Phase.org

#Amazonfail - an apology is not an answer

2009-04-14 11:34:00
I'll assume, for now, that you've been following the #amazonfail fiasco, as I don't have time right now to explain what happened. For now, I just need somewhere to post the following observations:

Amazon still have a lot to explain, and seem to think that if they (finally) issue a big apology, everyone will be so impressed with it that they won't need to give any more answers.

But we still don't know:

- If there's a real "No adult content" policy, or some variant thereof.

- Which state, nation or market they are implementing this for; it *seems* to be one at least as "conservative" as the christian right, and I wonder if it's an arab or asian market. Or possibly China?

- At what level this policy decision was made

- What criteria they are using to select "bad books" (both the "moral" criteria and the technical parameters to which they seem to match so badly)

- What form of crack their book taxonomy system is based on, anyway

- Quite how this big a technical fuck-up (presuming it really is a localised policy change that escaped into the wider world) happened

- How long this policy has been going on for

- Why it took them so long to respond coherently (and of course whether the "most official" response is any more true than the rest)

- How long it took them to work out what was wrong themselves, assuming they even have

When they explain that, preferably on the front page of Amazon.com, it *may* be time to say #sorryamazon instead of #amazonfail, but I very much doubt it.

Comments

If there's a real "No adult content" policy, or some variant thereof.

Richard Clegg
2009-04-14 12:32

Um... I thought that they were pretty clear that they wanted adult content to not appear in general searches which were not for adult content.

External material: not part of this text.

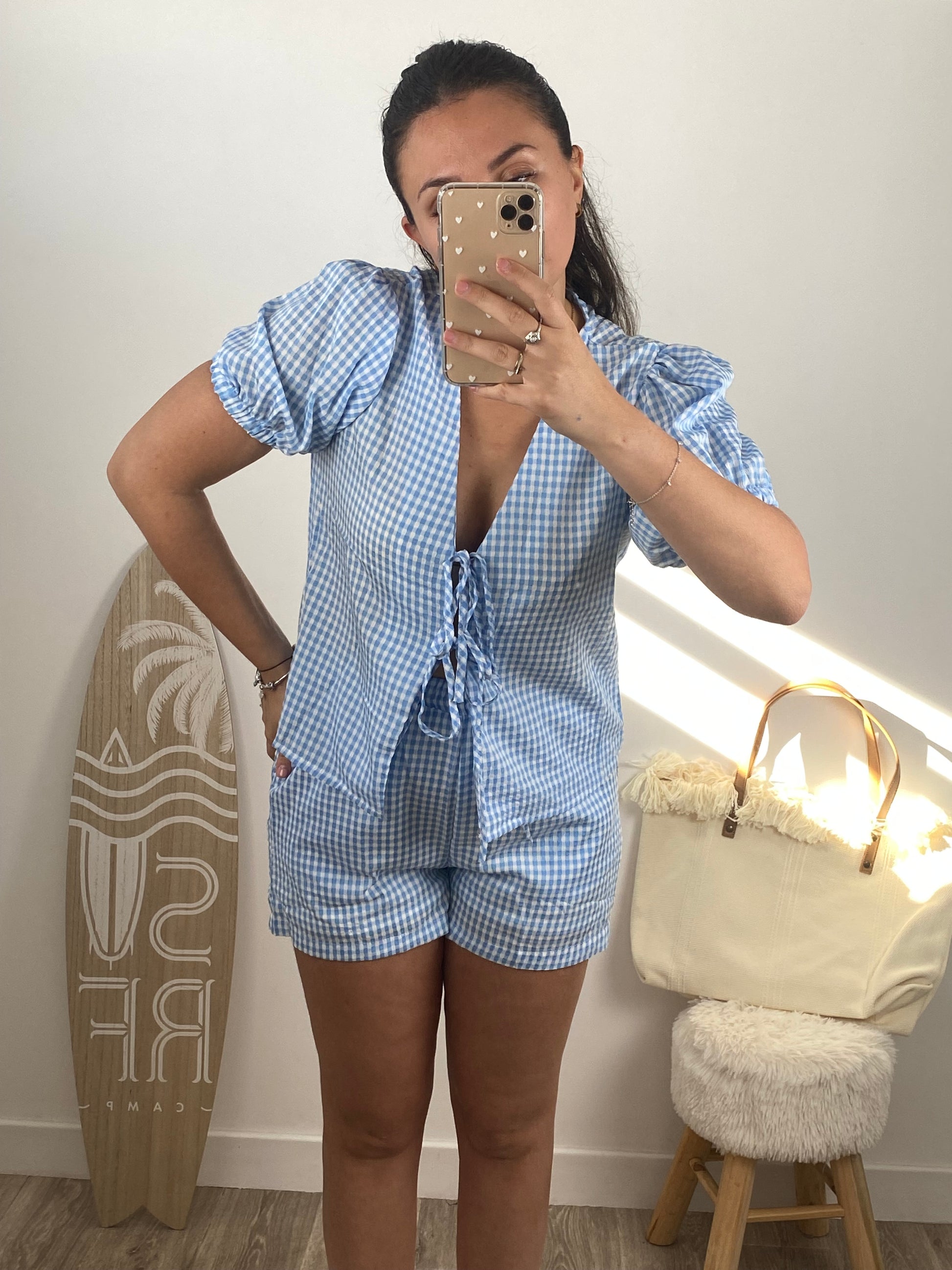 - Ensemble blouse + short à motif vichy (petit carreaux)

This is fairly reasonable behaviour IMHO.

Except that doesn't match the facts

Ben
2009-04-14 02:39

Several gay and lesbian-themed romances were included, including one with absolutely zero sex content.

Let's clear this up

Darren
2009-04-14 09:04

So, I've worked at Amazon.com, and I was able to get an account of what went down from some former co-workers of mine.

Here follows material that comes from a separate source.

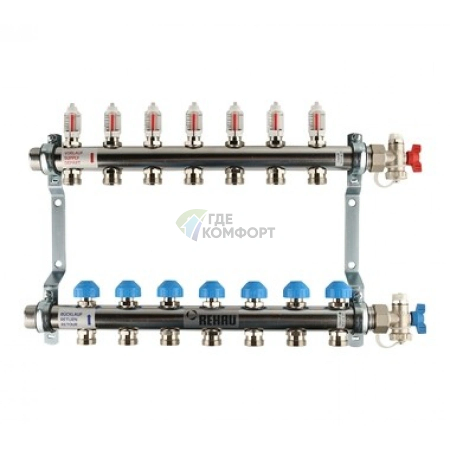 Коллекторная группа REHAU HKV-D на 7 выходов (РЕХАУ - 12080711002)1x3/4ЕК из нержавеющей стали с регулирующими и термостатическими вентилями и расходомерами
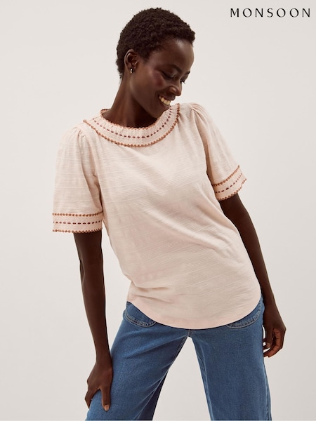 Monsoon Pink Tammy Puff Sleeve Embroidered Top

"If there's a real 'No adult content' policy, or some variant thereof."

Yes, there is, and has been for quite some time now. The feature has always been there, but just hasn't been featured too prominently until now.

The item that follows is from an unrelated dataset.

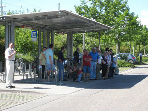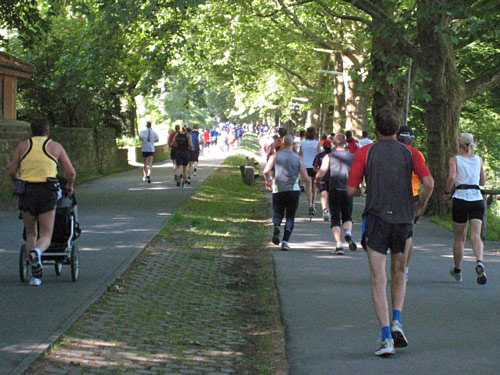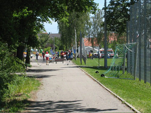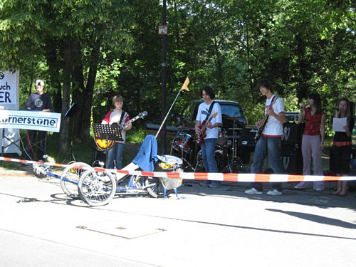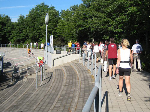 Aus dem Park verabschiedete uns eine Schülerband mit Rockmusik und weiter ging es durch den Vorort Sontheim, wo wir von Zuschauern mit Beifall empfangen und durch den Ort begleitet wurden. Noch in Sontheim erreichten wir bei Kilometer fünf die erste Verpflegungsstation. Zwar war es bereits um diese Zeit recht warm, aber Durst hatte ich noch keinen, also trank ich nur einen Becher Wasser und lief dann weiter.

"Which state, nation or market they are implementing this for; it *seems* to be one at least as "conservative" as the christian right, and I wonder if it's an arab or asian market. Or possibly China?"

The implementation was for all their sites worldwide.

"At what level this policy decision was made"

Don't actually know, but it was accepted. I think the spirit of the policy was so that kids searching for "Harry Potter" wouldn't find vibrators in the search results. But I don't think that part had been completed yet when this whole thing blew up.

"What criteria they are using to select 'bad books' (both the
'moral' criteria and the technical parameters to which they seem to match so badly)"

"What form of crack their book taxonomy system is based on, anyway"

"Quite how this big a technical fuck-up (presuming it really is a localised policy change that escaped into the wider world) happened"

All of this is because someone working on amazon.fr didn't realize that the "adult" tag was special compared to tags like "erotic" and "sexuality." And because all items are the same worldwide, it affected the main amazon.com site as well. This summarizes everything pretty accurately: http://blog.seattlepi.com/amazon/archives/166329.asp

"Why it took them so long to respond coherently (and of course whether the 'most official' response is any more true than the rest)"

"How long it took them to work out what was wrong themselves, assuming they even have"

I imagine that Amazon.com came out with a statement once the PR department had a pretty clear understanding of what happened. Amazon.com employees were paged to the office from their Easter celebrations and ended up working for a large part of Sunday.

The entire fiasco was basically intense overreaction to a single accident.